What are P-notes
P-notes are derivative instruments issued by registered foreign portfolio investors to overseas investors to enable them to trade in Indian stocks without having to register with the regulator.
At present, P-note subscribers are not required to take prior permission of the P-note issuer for transferring it to another investor offshore.
This would enable the regulator to know the complete transfer trail of P-notes on a monthly basis.
Since Sebi cannot exercise direct control over the downstream purchasers and there is where this route has been mis-utilised the most, the issuer FPIs have been made more accountable in the entire issuance process. Such steps may cause some knee-jerk reaction in the markets but are likely to cleanse the system in the long run.

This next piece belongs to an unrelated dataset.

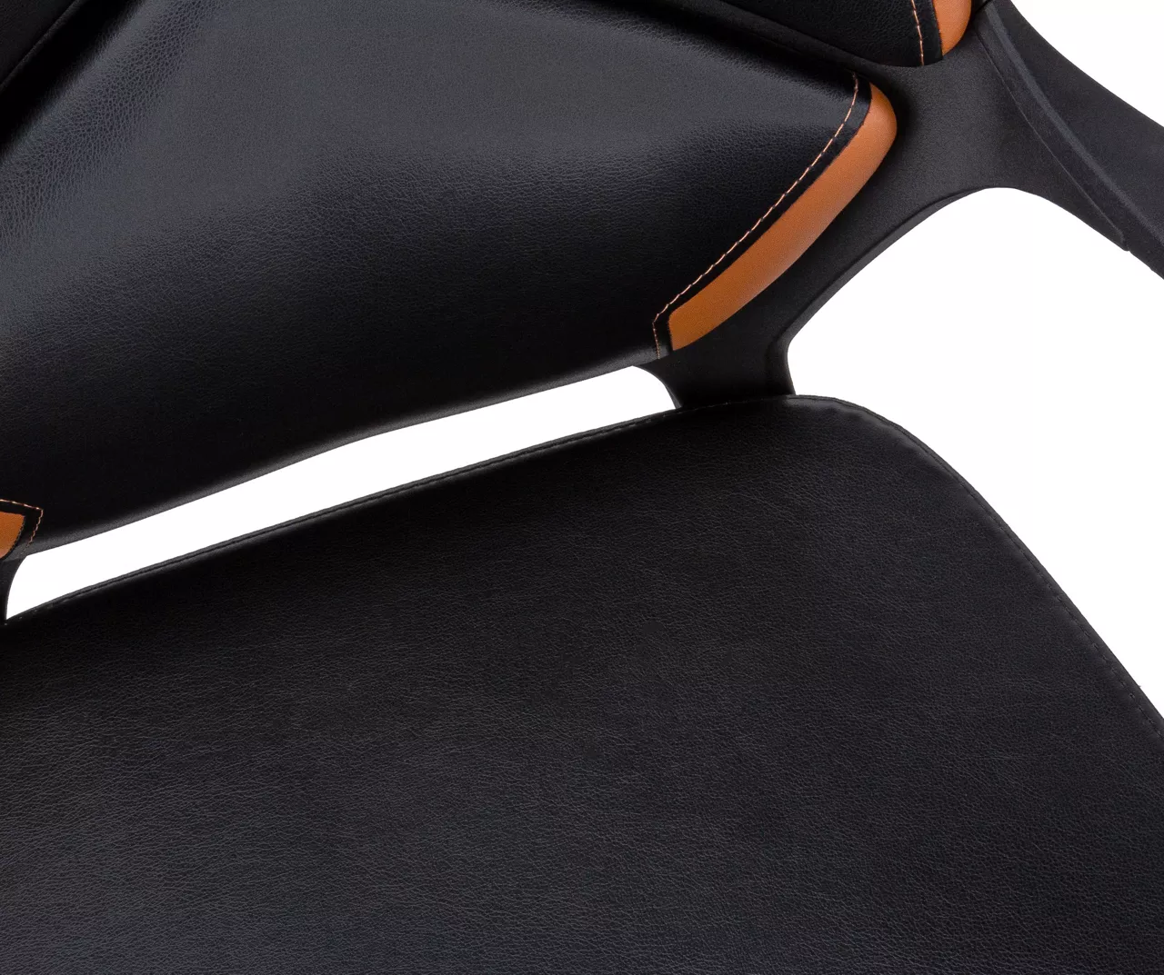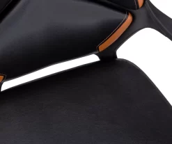 - Upholstered in durable and breathable black faux leather material with brown accents

The proposed changes come in the wake of the concerns raised by the Supreme Court-appointed Special Investigation Team (SIT) on black money on the identification of beneficial owners and on the transferability of P-notes.

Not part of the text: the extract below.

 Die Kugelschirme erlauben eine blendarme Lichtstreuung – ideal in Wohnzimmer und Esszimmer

The regulator has also mandated that P-note issuers would have to follow the Indian know-your client (KYC) and anti- money laundering norms instead of the norms prevalent in the jurisdiction of the end beneficial owner or of the P-note issuer, an attempt to bring uniformity in KYC norms.
P-note issuers would have to identify the beneficial owners in the subscriber entities, who hold in excess of the threshold that is 25 % in case of a company and 15 % in case of partnership firms and trusts.

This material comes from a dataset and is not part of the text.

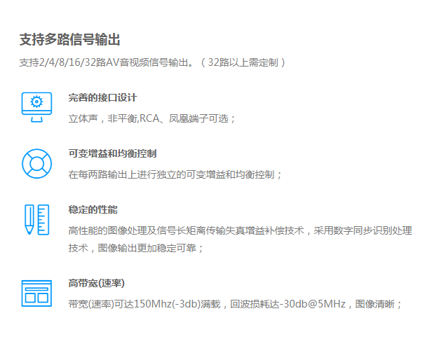 AV分配器系列是高性能分配放大器,設(shè)計(jì)用于分割并延長(zhǎng)復(fù)合視頻和音頻信號(hào),并在確保信號(hào)源的品質(zhì)和強(qiáng)度的情況下將其在長(zhǎng)距離電 纜上進(jìn)行傳輸。電路采用兩級(jí)高頻放大及一級(jí)射極跟隨器的放大電路,能夠使輸入信號(hào)圖像得到更加穩(wěn)定清晰的傳輸。AV分配器可用于VOD視頻點(diǎn)播、影院劇院、電視節(jié)目制作、視頻監(jiān)控系統(tǒng)、多媒體會(huì)議室、電化教學(xué)系統(tǒng)、控制中心、展廳、音視頻系統(tǒng)會(huì)議室等場(chǎng)合,是適合于通訊、攝像及監(jiān)控系統(tǒng)的配套產(chǎn)品。

The P-note route, despite having undergone a number of regulatory changes in the past decade, still did not have sufficient checks and balances on issuer FPIs, particularly with respect to downstream transfers of P-notes.
P-note issuers would have to file suspicious transaction reports with the Indian Financial Intelligence Unit on the notes issued by them.
Besides, the issuers would also have to carry out reconfirmation of the P-note position on a semi-annual basis and they would also have to carry out know-your client review at the time of on-boarding every year.